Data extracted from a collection
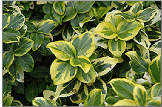
Gold Prince Wintercreeper foliage
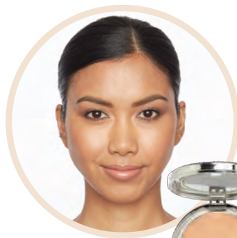
SATIN BRASS SKU# MPF507

Tan or medium dark with golden undertones.
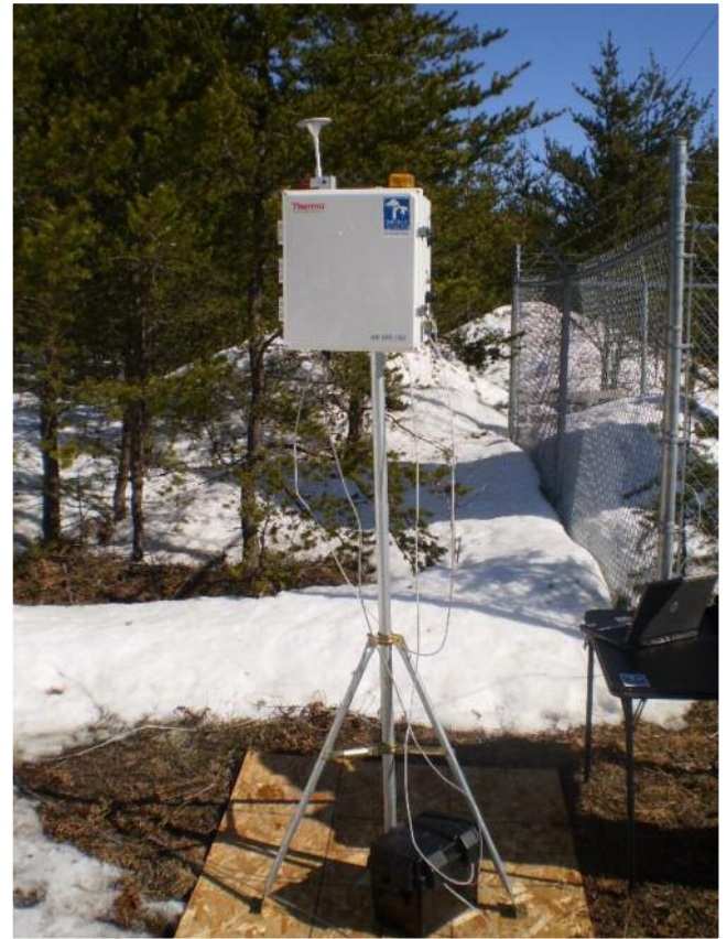
The portable air quality monitoring unit set up at a monitoring station near the Eagle Mine.
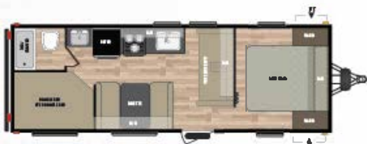
2600TB WEIGHT: 4967 LENGTH: 28' 10"
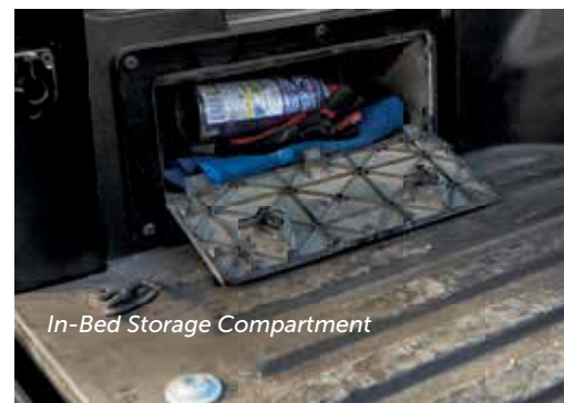
In-Bed Storage Compartment
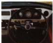
All the standard VW features, built on a shared steering wheel and easy-to-use instruments. It adds up to more relaxed driving.

To do: Drop the pictures and set down the data above exactly.

Result for this exercise:
Gold Prince Wintercreeper foliage
SATIN BRASS SKU# MPF507

Tan or medium dark with golden undertones.
The portable air quality monitoring unit set up at a monitoring station near the Eagle Mine.
2600TB WEIGHT: 4967 LENGTH: 28' 10"
In-Bed Storage Compartment
All the standard VW features, built on a shared steering wheel and easy-to-use instruments. It adds up to more relaxed driving.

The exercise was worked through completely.